Campus-Only Access for Five (5) Years

Document Type

dissertation

Degree Name

Doctor of Philosophy (PhD)

Degree Program

Electrical and Computer Engineering

Year Degree Awarded

2023

Month Degree Awarded

February

First Advisor

Ramakrishna Janaswamy

Second Advisor

Robert W. Jackson

Third Advisor

Marco Duarte

Fourth Advisor

Pamela Loring

Subject Categories

Electromagnetics and Photonics | Signal Processing

Abstract

Antenna arrays are applied widely in our everyday life, they play an important role in satellite communication, self-driving car, radar and so on. In this dissertation, we will apply antenna array techniques to track movement of the birds as well as estimate locations of RF emitters.

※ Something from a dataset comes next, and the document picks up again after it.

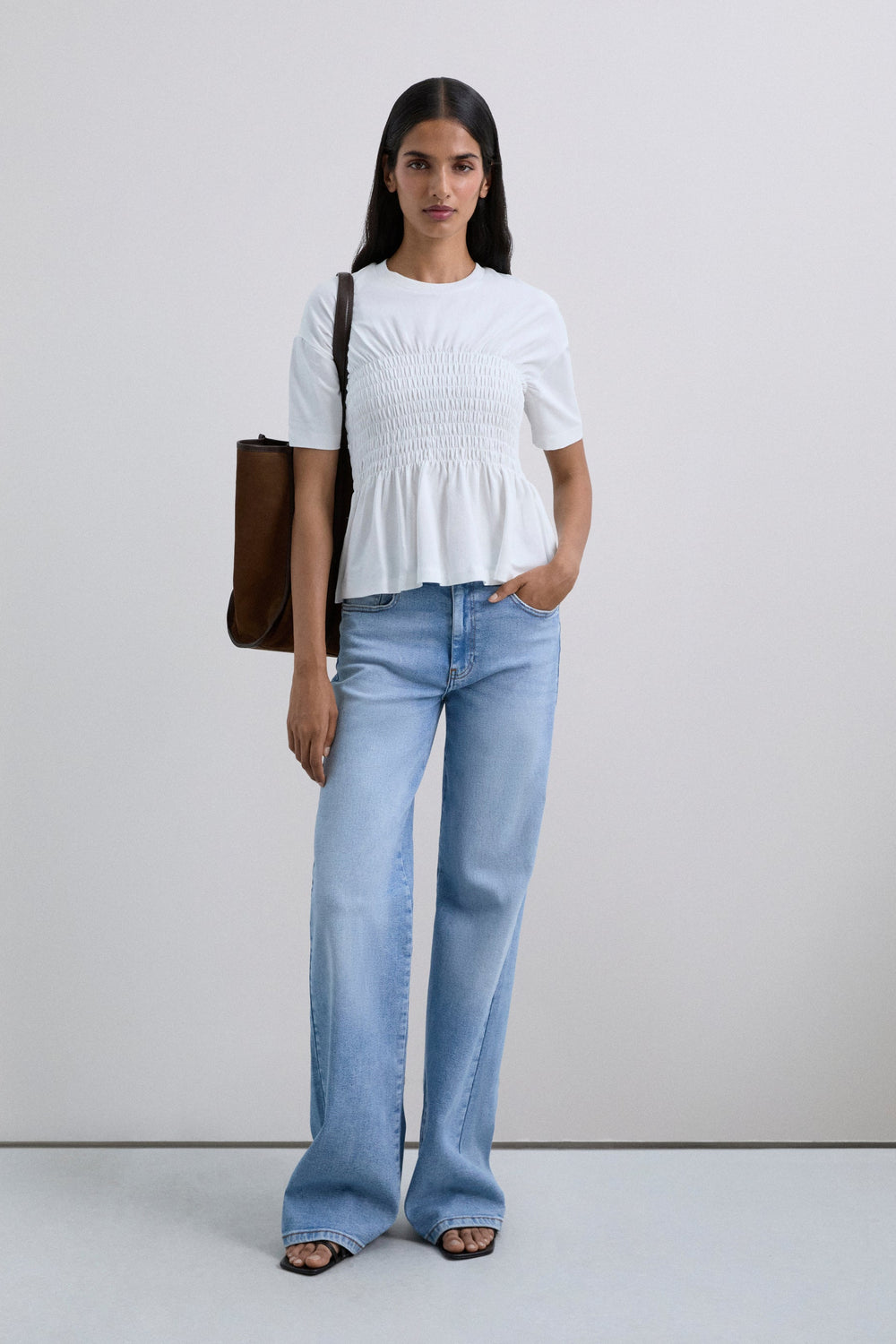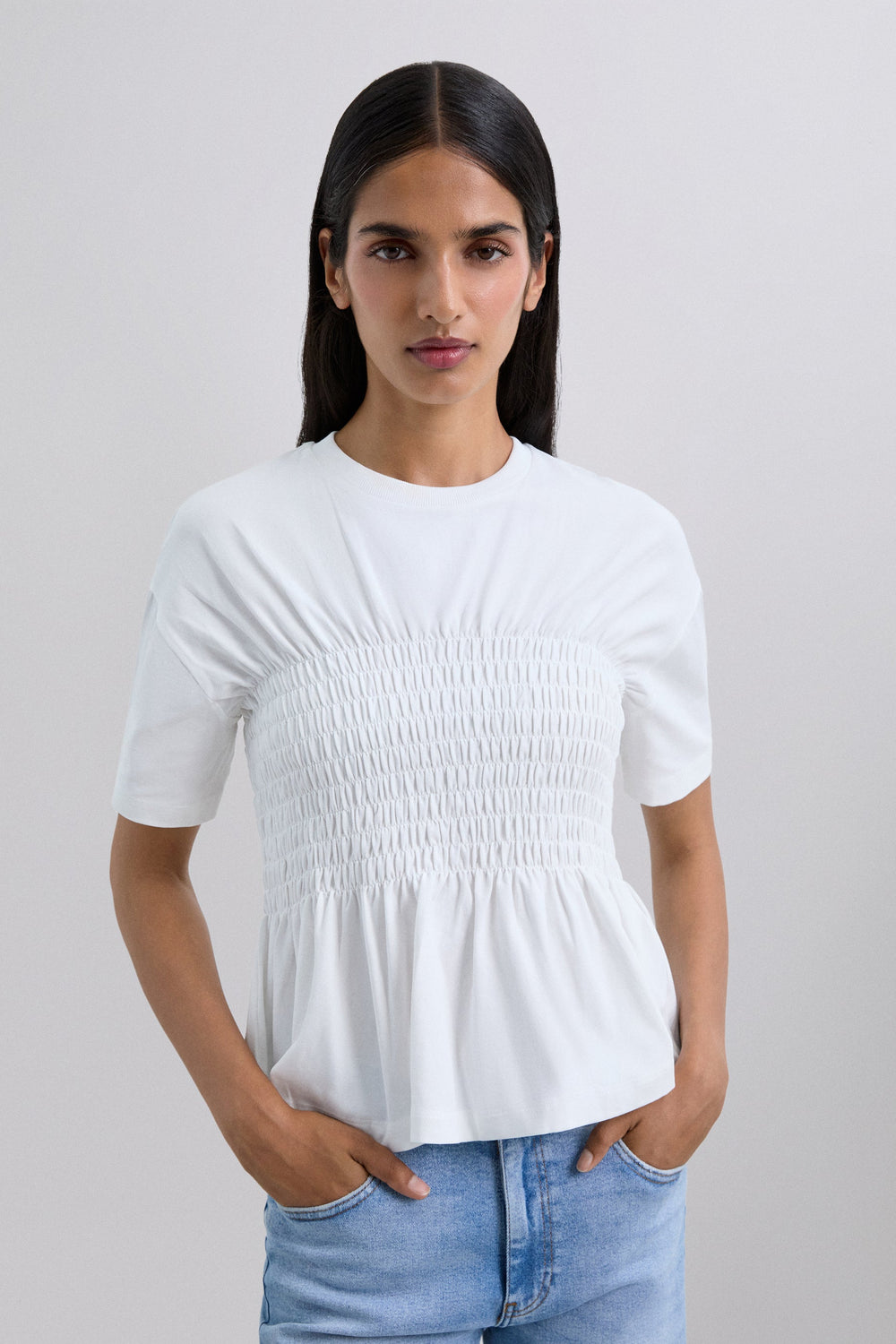 Camiseta de manga corta confeccionada en mezcla de algodón con volantes en las mangas. Cuello redondo. Volantes en la parte inferior. Fruncido en la parte frontal.

In the first part, an antenna array is deployed to track the movement of birds. We implemented a static method which ignores the interrelation between detection samples and a dynamic method which includes the movement model and measurement model to track the bird. The movement model describes the change in bird's position with respect to time and the measurement model links the observed measurement to the bird's position to improve prediction. In the movement model, several parameters are used to describe the movement of the avian target. However the values of these parameters are difficult to estimate because they are dependent on many factors, such as the species of the bird, the weather condition, the flying area and so on. In order to estimate the values of these parameters, one method which is based on the maximum likelihood estimation is proposed in this dissertation. With the measurement model, the prior estimate for the bird from the movement model can be updated with the given measurement. However the measurement is corrupted with the environment noise and subject to device non-linearities. This will introduce errors in the position we want to estimate. In this dissertation, an unscented transformation is used in a Kalman filter to predict and update the estimation of the bird’s position for improving the prediction accuracy.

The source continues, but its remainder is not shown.